For international partners, the message is clear: the world rewards execution, not just reform. "Western models are reforming; Asian models are scaling; GCC models are experimenting and shaping," Alsafadi observes. "The frontier will be shaped by whoever can combine innovation with execution."
Beyond Initiatives: Building Lasting Capabilities
As the conversation concluded, we asked Prof. Alsafadi for her strategic advice to the leaders shaping the next phase. Her counsel was to shift focus from launching initiatives to building institutions.
"Systems transform when rules transform."
The next phase requires a focus on talent development for a post-AI era, deep industry integration, and regulations that reward innovation rather than compliance.
Ultimately, the Saudi narrative deserves greater visibility, not just as a success story, but as a blueprint. "This emerging narrative is not about catching up," Alsafadi concludes. "It is about identifying our true assets … and demonstrating that dreaming big and delivering big are no longer opposing ideas."
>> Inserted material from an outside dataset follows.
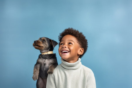 Generative AI : Funny cute little African American boy in suit and bunny ears smiling and looking at camera while imitating rabbit against blue background

Prof. Lilac Alsafadi is a recognized authority in systemic transformation, AI strategy, and human capital development. She currently serves as CEO of IKONIC Educational Holding, where she leads strategic investments reshaping the region's education landscape. She made history as the first woman to lead a co-educational university in Saudi Arabia as President of the Saudi Electronic University (SEU). Her career bridges academia and global tech; she previously served as Vice President and National Technology Officer at Microsoft Arabia. A computer scientist by training, she holds a PhD and leads critical initiatives within the Kingdom's Vision 2030 framework, sitting on multiple advisory boards shaping the future of digital governance. She also currently sits on several boards of directors and boards of trustees, and serves as a senior advisor to public institutions and private enterprises shaping Saudi Arabia's next phase of modernization.